On a subsequent day of the term, the motion was argued by the counsel for the defendant and the counsel for the United States. The counsel for the defendant read the thirty-fourth section of the judiciary act (2 Bior. & D. Laws, 70 [1 Stat. 92]), and the second section of the statute of New York (1 Rev. Laws, 516), under which the supreme court of that state has proceeded to order causes to be submitted to referees, and also referred to the 55th rule of the district court, adopting the practice of the supreme court of the state of New York in cases where the district court has not adopted special rules for itself. They also cited [Brown v. Van Braam] 3 Dall. [3 U. S.] 344; [Hamilton v. Moore] Id. 373; [Inglee v. Coolidge] 2 Wheat. [15 U. S.] 363; [Sturges v. Crowninshield] 4 Wheat. [17 U. S.] 129; U. S. v. Wonson [Case No. 16,750]; Craig's Case [Id. 3,325]; Golden v. Prince [Id. 5,509].

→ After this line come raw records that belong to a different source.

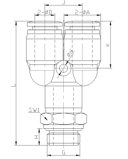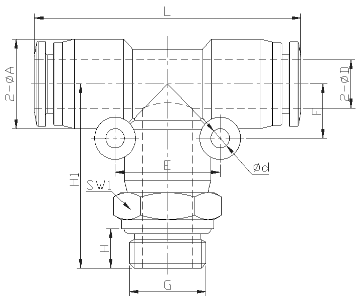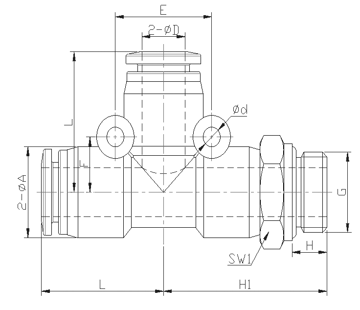 Заказной номер - Фитинг быстроразьемный цангового типа, пластиковый, тройник с внешней (наружной) резьбой G для пневматической трубки.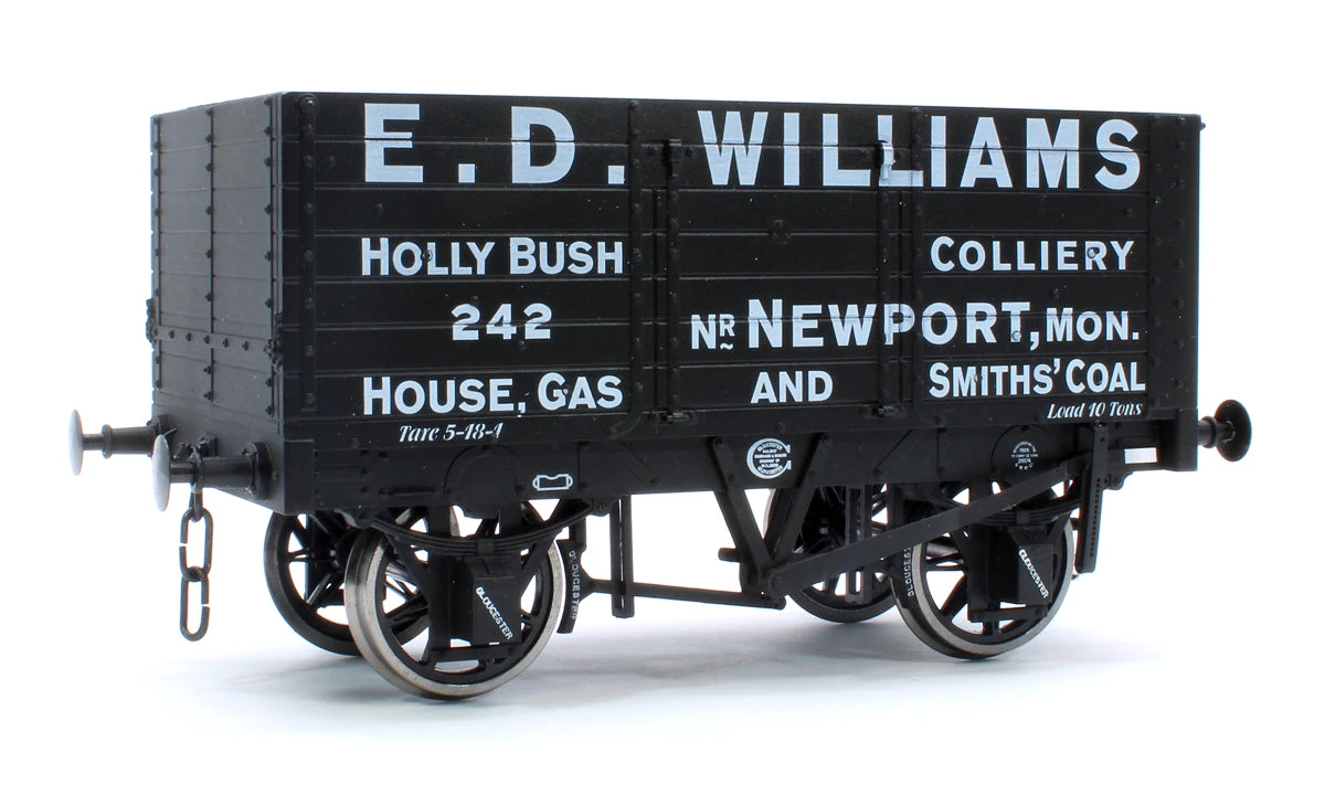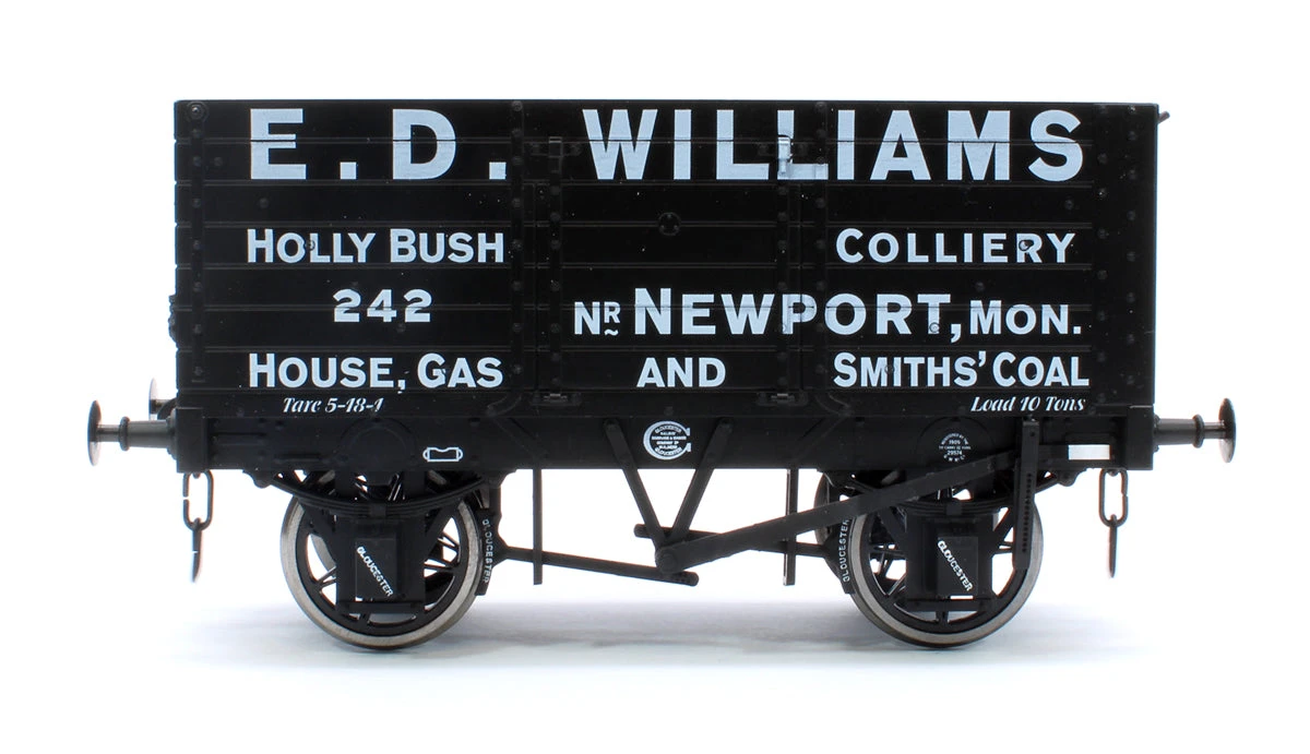 These model 5 Plank Wagons are modelled on two designs, one based on a 9′ wheelbase with a capacity of 10 tons and one based on a 10′ wheelbase with a 12 ton capacity.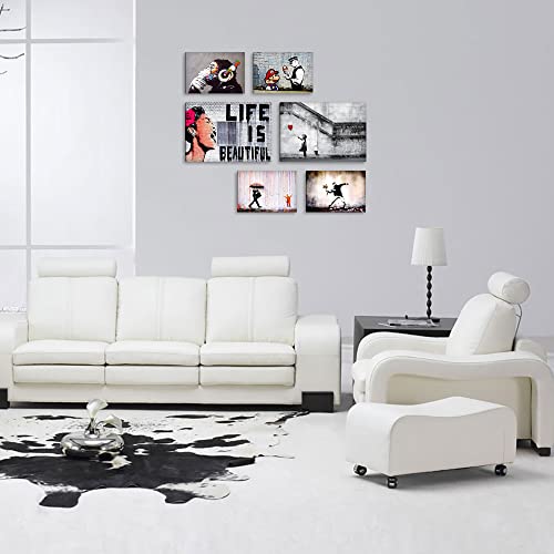 Degona Quadri Moderni BANKSY Set Composto da 6 pz. (2 pz. cm 40x30 + 4 pz. cm 30x20) Stampa su Tela CANVAS Arredamento Arte Astratto XXL Arredo per soggiorno salotto camera da letto cucina ufficio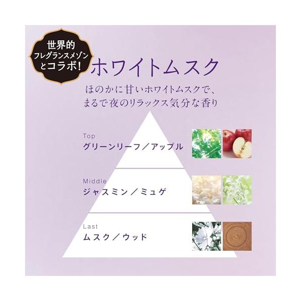 「ホワイトムスク」ほのかに甘いホワイトムスクで、まるで夜のリラックス気分な香り:トップ:グリーンリーフ・アップル/ミドル:ジャスミン・ミュゲ/ラスト:ムスク・ウッド。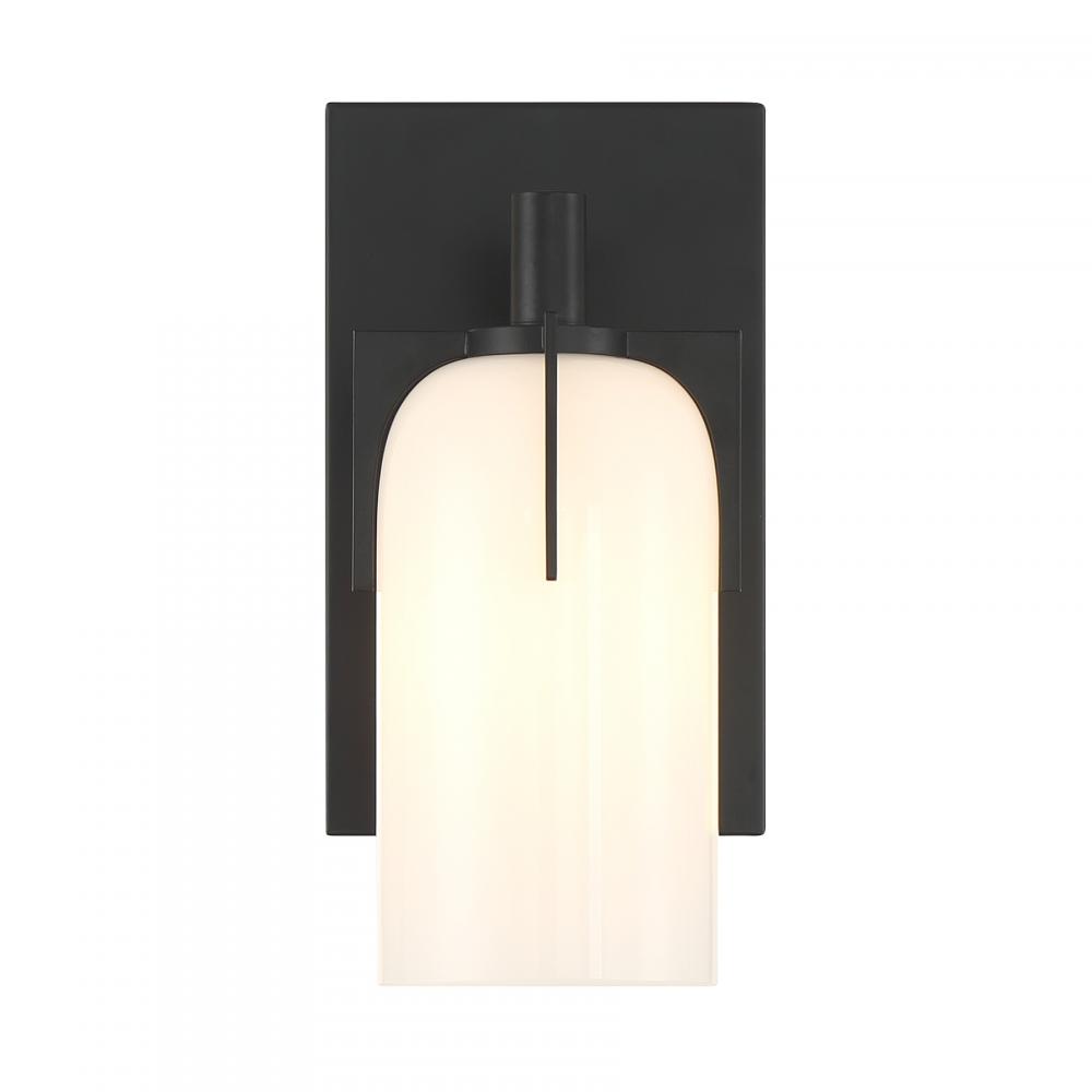 Bring fashionable, vintage-inspired lighting home with the Savoy House Caldwell 1-light sconce. An etched white opal glass shade is held in place with dramatic jewelry-like prongs that are finished in Matte Black. Caldwell is 9.5" in height, 4.75" in width and extends 5.5" from the wall. It uses one candelabra size bulb of up to 60 watts. The bulb is not included. This sconce is damp area rated and must be installed as shown.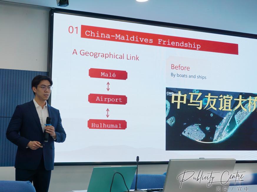 下一位上场的是刘哲含同学,她以“一带一路”中的桥梁作为演讲的开头。桥梁,不仅指的是马里通海湾那坚固的实体构造,更象征着“一带一路”所搭建起的合作与交流之桥。她还巧妙地将话题延伸到了自己的家乡天津,提到了那里的天津港与滨海新区,这些同样是连接世界、促进发展的桥梁,给人们铺就了美好生活之路。
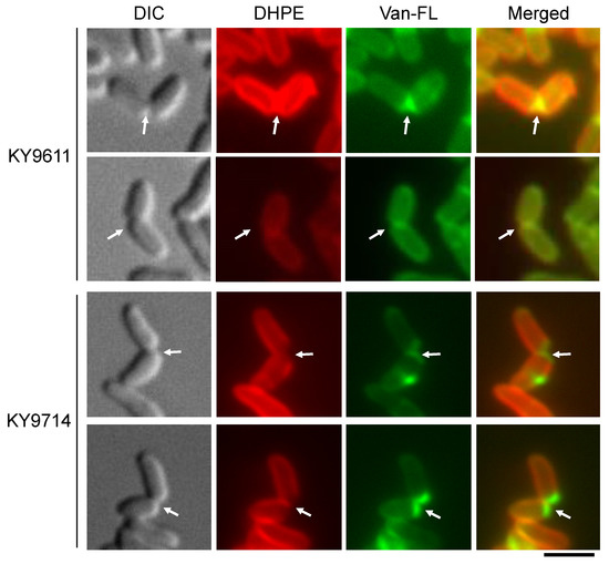 We then examined the effect of the ltsA mutation on the formation of cell surface structures by differential staining with fluorescent dyes. As reported previously, the mycolic acid-containing layer can be visualized by staining with phospholipid analog DHPE labeled with fluorescent dyes, while the peptidoglycan layer can be visualized by staining with Van-FL [26]. As shown in Figure 3, the wild-type cells were uniformly covered with a mycolic acid-containing layer. On the other hand, the ltsA mutant strain KY9714 had a defect in part of the mycolic acid-containing layer. In addition, the mycolic acid-containing layer at the nascent division plane in the dividing cells disappeared in the ltsA mutant cells. Instead, the peptidoglycan layer was exposed to the extracellular environment.

The counsel for the United States read the seventh article of the amendments of the constitution of the United States, and cited [M'Culloch v. State of Maryland] 4 Wheat [17 U. S.] 344; U. S. v. Wonson [supra]; Van Reimsdyk v. Kane [Case No. 16,872]; Campbell v. Claudius [Id. 2,356].

J. O. Hoffman, J. Anthon, and C. G. Haines, for defendant.

R. Tillotson, Dist. Atty., for the United States.

VAN NESS, District Judge, in consequence of severe indisposition and a pressure of business, did not deliver an opinion in extenso. He said that he should grant the motion, and go into the state practice. He conceived that the thirty-fourth section of the judiciary act of the United States placed the case within the second section of the New York statute for the amendment of the law, and the better advancement of justice; and, while he thought the practice of submitting cases involving long and intricate accounts legal, he viewed it as highly conducive to the administration of justice. From the affidavit on which the motion in the case was grounded, it appeared that between two and three millions of dollars had been disbursed for the United States by the defendant, and that it might take a jury several days to give a full and perfect examination to the great mass of accounts and vouchers involved in the suit. Referees were accordingly appointed, and a rule duly entered by the clerk of the court.